In count two, Dana appears to contend Aon engaged in a prohibited transaction under 29 U.S.C. § 1106 by accepting an $8 million fee while failing to administer the plan properly. Count three alleges Dana is entitled to “appropriate equitable relief” for the $2.2 million in losses “direct[ly] and proximate[ly]” caused by Aon's fiduciary breaches. (Doc. 1 at ¶ 87).
Aon argues I should dismiss the ERISA claims because the complaint's allegations fail on their face to sustain Dana's claim about Aon's fiduciary status.
1. Fiduciary Status Under ERISA
“Fiduciary status is the key to unlocking ERISA's civil-enforcement scheme” because any person “found to be a fiduciary [is] personally liable to the ERISA-covered plan for any damages caused by that person's breach of fiduciary duties.” Briscoe v. Fine, 444 F.3d 478, 486 (6th Cir.2006).
In cases alleging a breach of ERISA fiduciary duties, “the threshold question is not whether the actions of some person employed to provide services under a plan adversely affected a plan beneficiary's interest, but whether that person was acting as a fiduciary (that is, was performing a fiduciary function) when taking the action subject to complaint.” Pegram v. Herdrich, 530 U.S. 211, 226, 120 S.Ct. 2143, 147 L.Ed.2d 164 (2000).
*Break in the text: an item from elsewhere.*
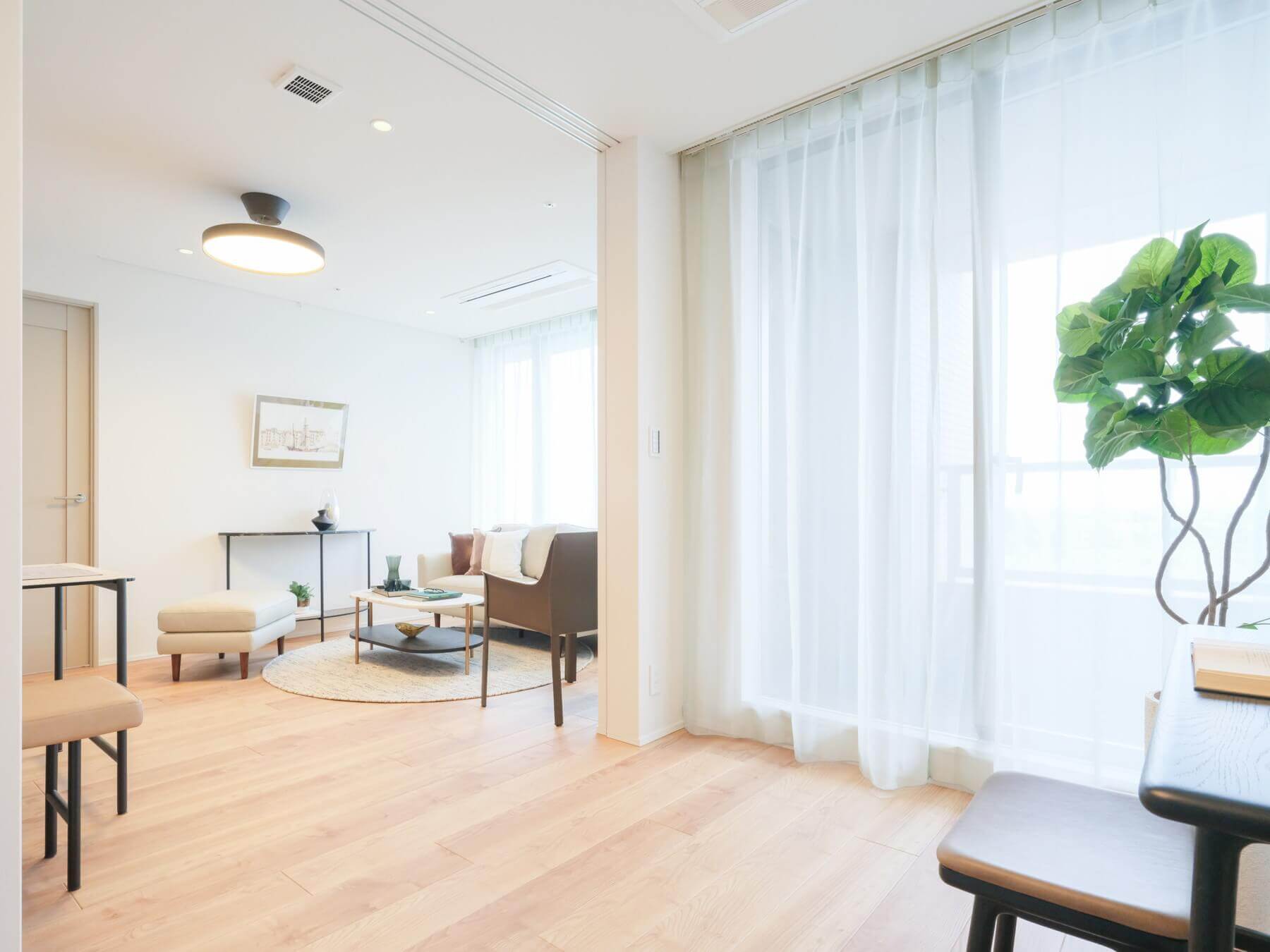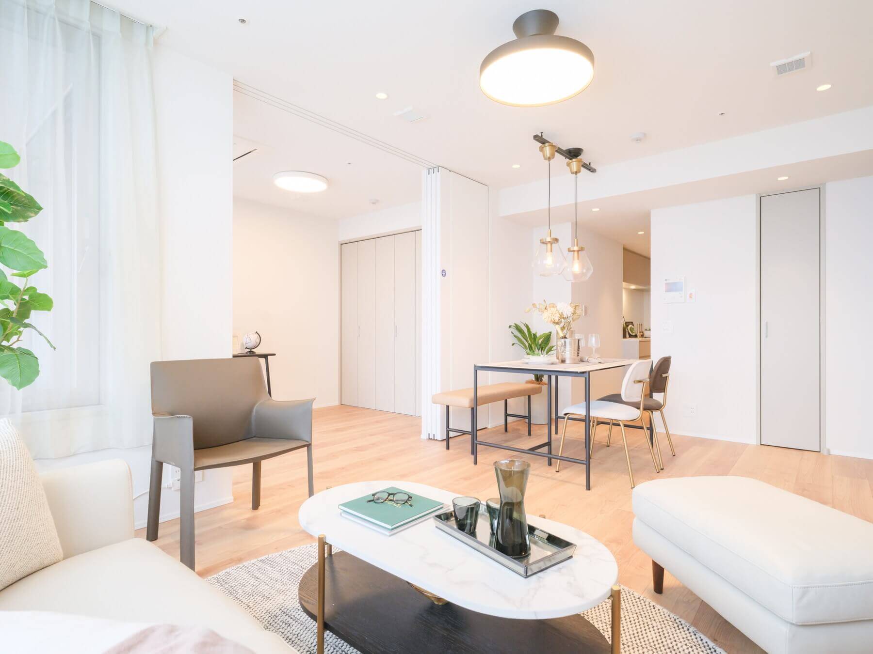 隣接する洋室との間仕切り戸を開ければ、15帖超の一体空間に。開放感がUPし、さらに広々と過ごすことができます。ゲストが来た時に活躍しそうですね。

A person is a fiduciary to the extent “(1) he exercises any discretionary authority or discretionary control respecting management of such plan or (2) exercises any authority or control respecting management or disposition of its assets[.]” 29 U.S.C. § 1002(21)(A); Guyan Int'l, Inc. v. Prof'l Benefits Admin., 689 F.3d 793, 798 (6th Cir.2012).
Dana seeks to hold Aon liable on the theory that Aon had control over Plan assets. In support, Dana alleges Aon: 1) exercised “practical control” over Plan assets when, rather than following Dana's instructions, it “took short-cuts in implement[ing]” the Plan (Doc. 1 at ¶ 26); and 2) must have had control over Plan assets because a former employee managed to divert Plan assets to bank accounts she controlled.
“ERISA fiduciary status is broadly triggered with any control over plan assets, [but] the inquiry in each case is granular, asking whether an entity is a fiduciary with respect to the particular activity in question.” Pipefitters Local 636 Ins. Fund v. Blue Cross & Blue Shield of Mich., 722 F.3d 861, 866 (6th Cir.2013).
The Sixth Circuit has found third-party administrators like Aon liable as fiduciaries under a...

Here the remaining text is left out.